>>>>
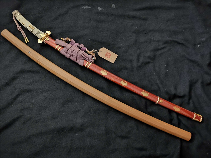 这款御大典菊水奉纳,是以二战时期供奉在凑川神社里的海军奉纳原品余鐵打造,和真品只差了铭文余鐵两字,其余都一模一样,非常难得的好藏品!御大典太刀,顾名思义就是日本最高统治阶级在出席重要的活动才会佩戴的一款太刀,级别非常的高,是身份和权利的象征!
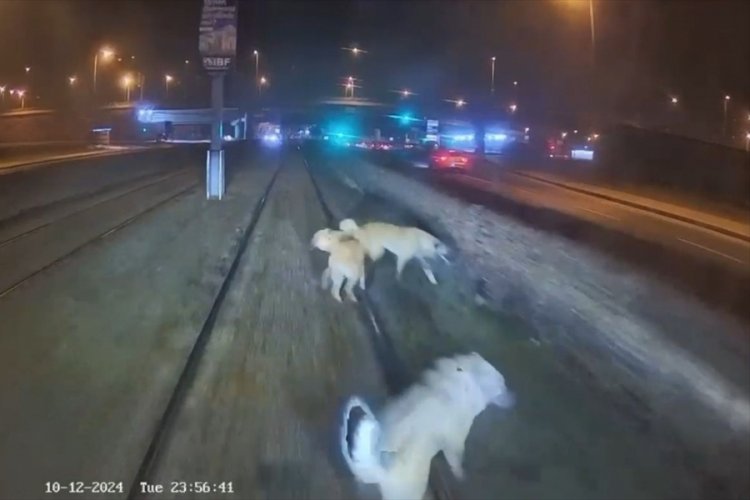 Kayseri’de, Büyükşehir Belediyesi Ulaşım AŞ’de çalışan vatman raylara bağlanan köpeği kurtardı.
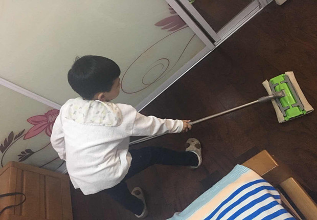 “在劳动节里,小朋友们可以干些什么呢?”孩子们热烈讨论,想到了为教室、幼儿园的卫生而劳动,为爸爸妈妈做一些力所能及的家务事:扫地、拖地、洗碗、刷鞋……看,我们干的多认真!
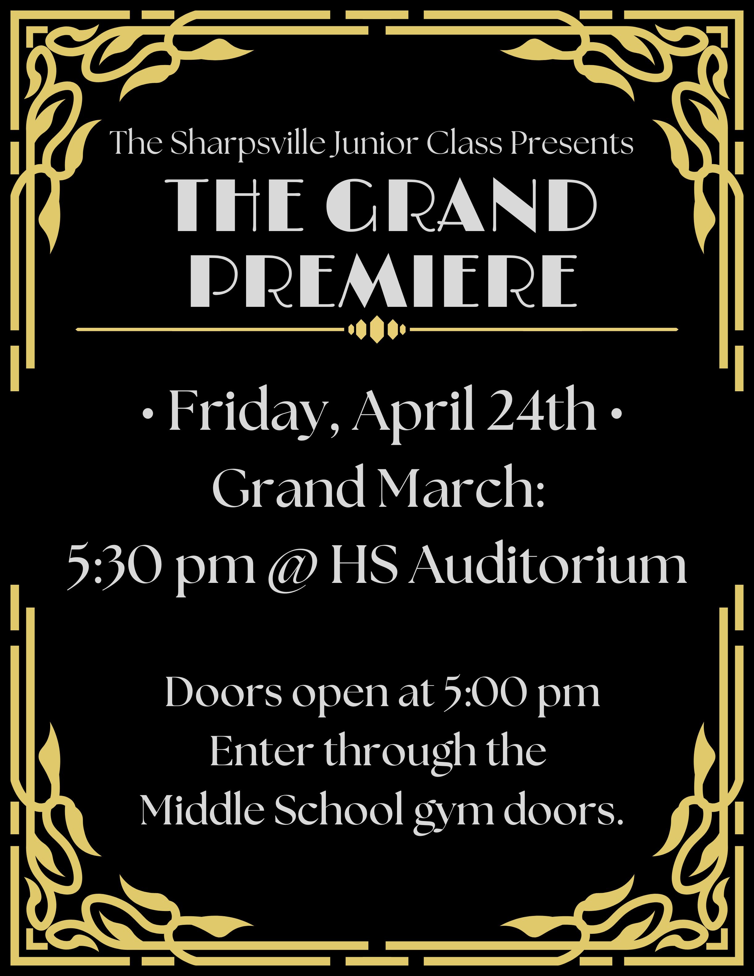 The Sharpsville Junior Class presents: The Grand Premiere. Enjoy Grand March in the Middle/High School Auditorium at 5:30 on Friday April 24th. Doors will open at 5:00 pm. Please enter through the ...
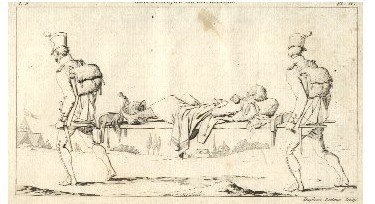 C’est un ensemble formé par 2 barres de bois à travers laquelle on tends une toile. Le brancard sert à soulever et à transporter des objets lourds ou dans le cas présent des personnes. C’est le matériel phare des 1ers secours, des ambulances et de l’urgence. Les Dr François Percy et Dr Dominique Larrey sous l’empire de Napoléon furent les 1er à monter des brancards sur des chameaux pour transporter des blessés sur les champs de bataille. Il a ensuite converti son système dans des voitures hippomobiles. Ce fut les 1ère ambulances.
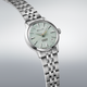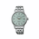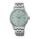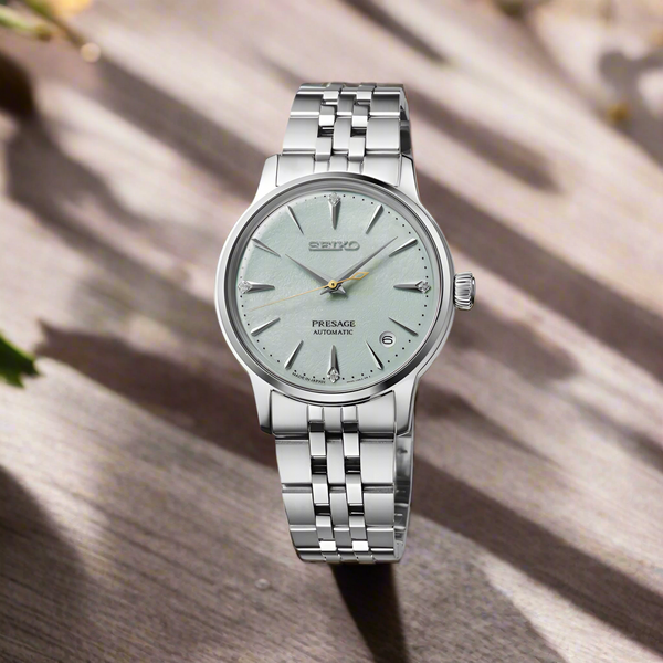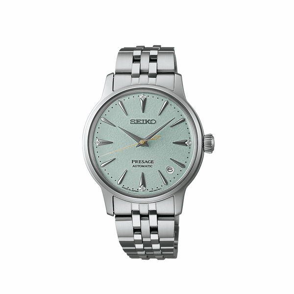 Ladies' Seiko Presage Cocktail Time Automatic Watch. The 34mm case and bracelet are stainless steel. The dial is mint green with a textured finish and four diamond set hour markers. The watch has a date function. The movement is automatic.
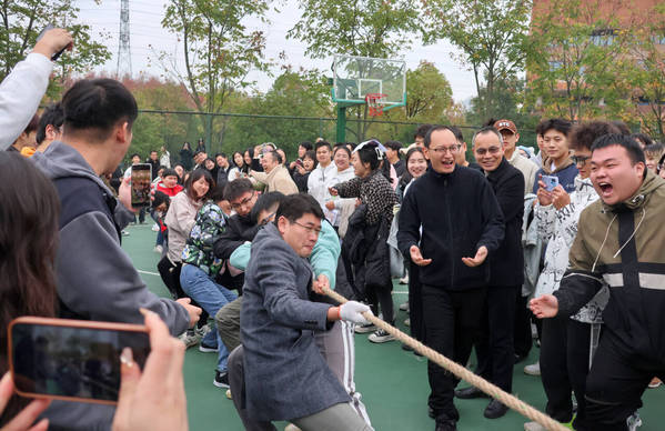 本网讯 为丰富教职工的精神文化生活,促进身心健康,培养团队合作精神,11月15日,在如意体育(中国)2023年秋季田径运动会期间,校工会组织开展了教职工拔河比赛。
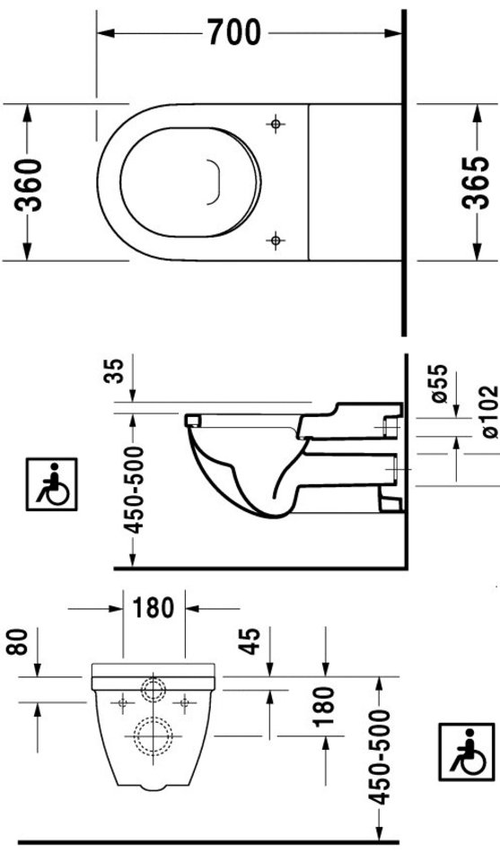 Подвесной унитаз Duravit Starck 3 2203090000, для инвалидов
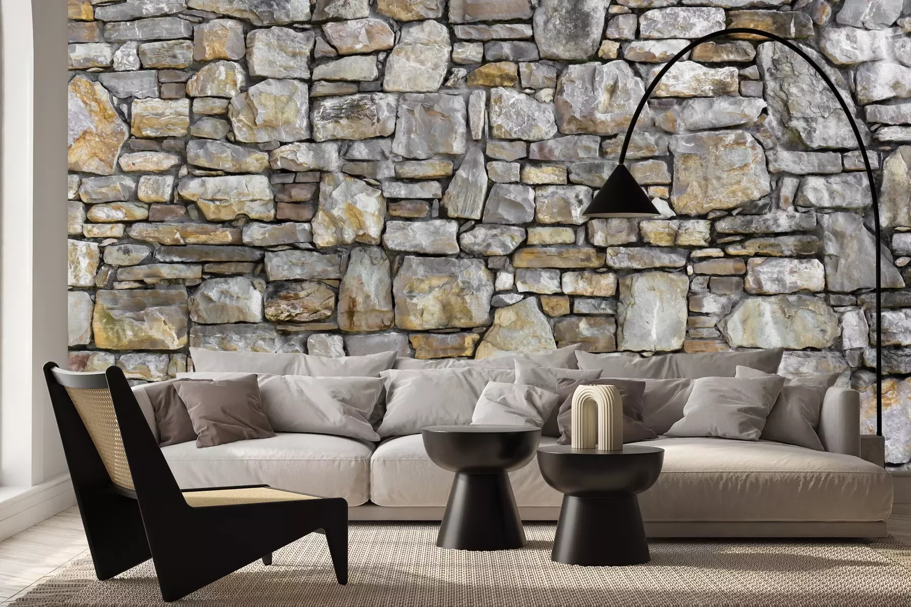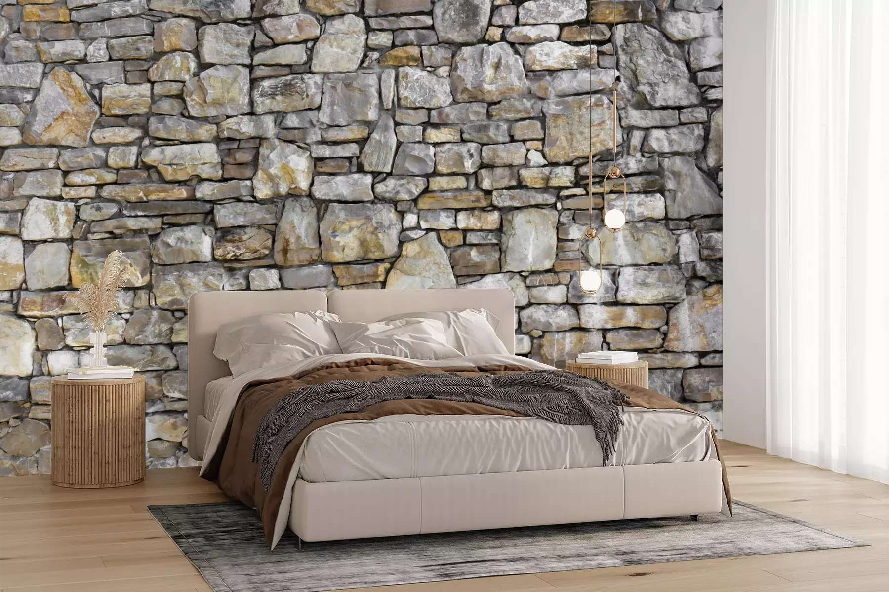 Het materiaal Premium+ is een gestructureerd vinyl op vlies met een gewicht van 255 g/m², dat kleine oneffenheden in de muur effectief camoufleert. De subtiele structuur van fijn zand geeft het oppervlak een exclusieve uitstraling, terwijl de halfmatte afwerking de diepte van de kleuren benadrukt. Het materiaal is dampdoorlatend, waardoor het ook in de keuken en badkamer kan worden gebruikt. De maximale breedte van één baan bedraagt 100 cm – bij grotere afmetingen wordt het fotobehang in meerdere gelijke banen verdeeld. De lijm wordt direct op de muur aangebracht en het behang wordt rand-aan-rand geplakt, wat zorgt voor een esthetisch resultaat zonder zichtbare naden. Het oppervlak kan gemakkelijk worden schoongemaakt door het voorzichtig af te nemen met een vochtige doek.
<<<<
WHAT IS BEING ASKED
In the entries above, find the line containing "Kayseri’de, Büyükşehir Belediyesi" and the line containing "The Sharpsville Junior"; give again exactly those two lines and every line between them, minus the pictures.

PROBLEM SOLUTION
 Kayseri’de, Büyükşehir Belediyesi Ulaşım AŞ’de çalışan vatman raylara bağlanan köpeği kurtardı.
 “在劳动节里,小朋友们可以干些什么呢?”孩子们热烈讨论,想到了为教室、幼儿园的卫生而劳动,为爸爸妈妈做一些力所能及的家务事:扫地、拖地、洗碗、刷鞋……看,我们干的多认真!
 The Sharpsville Junior Class presents: The Grand Premiere. Enjoy Grand March in the Middle/High School Auditorium at 5:30 on Friday April 24th. Doors will open at 5:00 pm. Please enter through the ...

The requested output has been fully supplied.